Page 10 of Mutation


  “What did he want?” Dylan asked.

  “He wanted to know how much fuel we needed. I told him we were just picking up a passenger.”

  “What does the Rivlan run on anyway?”

  “Nothing they have on the barge, that’s for sure.”

  A man stepped out of the shadows. He had a large duffel bag slung over his shoulder. If this was Agent Crow, he had lost at least a hundred pounds.

  “Are you Ted Bronson?” the man asked without looking in Dylan’s direction. The gravelly voice hadn’t changed. Dylan would have recognized the sound of it anywhere.

  “Yes, sir,” Ted said. “At your service.”
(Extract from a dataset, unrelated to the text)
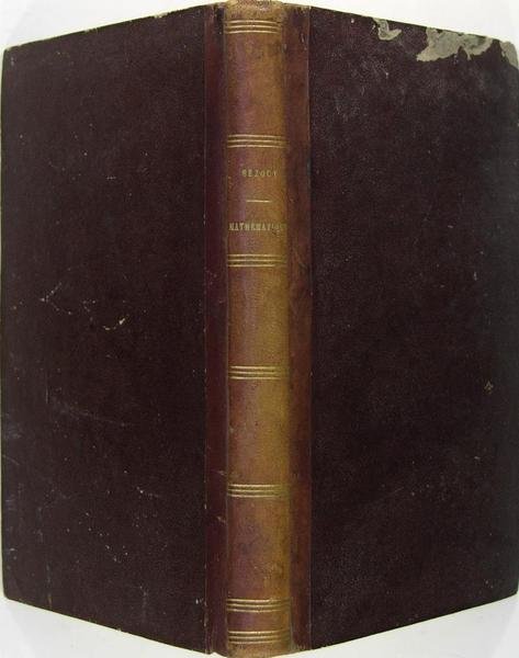 Avignon, Offray Aîné, imprimeur libraire, 1828. In/8, reliure demi-basane dos lisse à titre doré, 216 p. “Grignotage” sur le plat supérieur ; rares rousseurs éparses. Nommé par Étienne François de Choiseul en 1763 examinateur des gardes de la marine, il est chargé de la rédaction d'un cours de mathématiques qui conduira au Cours de mathématiques à l'usage des gardes du pavillon et de la marine. À la mort de Charles-Étienne Camus en 1768, il devient examinateur des élèves du corps de l'artillerie et rédige le Cours complet de mathématiques à l'usage de la marine et de l'artillerie, qui devint plus tard le livre de chevet des candidats au concours d'entrée à l'École polytechnique

  “You’re earlier than I expected.”

  “The boat is faster than she looks.”

  The boat is faster than any boat on earth, Dylan thought. Crow is in for several surprises before the night’s out.

  “Grab his bag, Dylan.”

  And here comes the first surprise.

  Dylan reached over the gunwale. Agent Crow stopped him, staring in complete shock.

  “Dylan Hickock?”

  “You’ve lost a lot of weight,” Dylan said. “You look good.”

  “What are you doing down here?”

  “I guess I could ask you the same thing. My dad’s working for Ted here, and for Travis Wolfe. How I got down here is kind of a long story.”

  “Your dad’s aboard?”

  Dylan shook his head. “He and Mom are up in Washington.”
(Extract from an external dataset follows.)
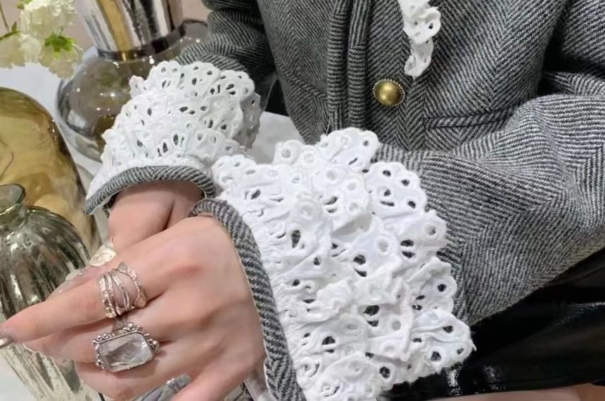 Eyelet Lace Cuff Button-Up Jacket

  “Maybe we could continue this reunion after we get under way,” Ted said. “They’re waiting for us upriver, and I’d like to get going.”

  “Aren’t you going to refuel?” Crow asked. “As I understand it, this is the last refueling barge for miles.”

  “Tank’s full,” Ted said. “Come aboard. Untie the lines.” He climbed back up to the pilothouse.

  Dylan took Crow’s duffel and set it on the deck. There obviously wasn’t much in it.

  Crow climbed over the gunwale. “I’ll get the stern line.”

  “Great.”

  Dylan walked up to the bow and undid the line. As soon as it was free, Ted started maneuvering the Rivlan away from the barge.

  “I can honestly say you’re the last person I expected to see down here,” Crow said, walking up to bow.

  “I could say the same thing for you,” Dylan said.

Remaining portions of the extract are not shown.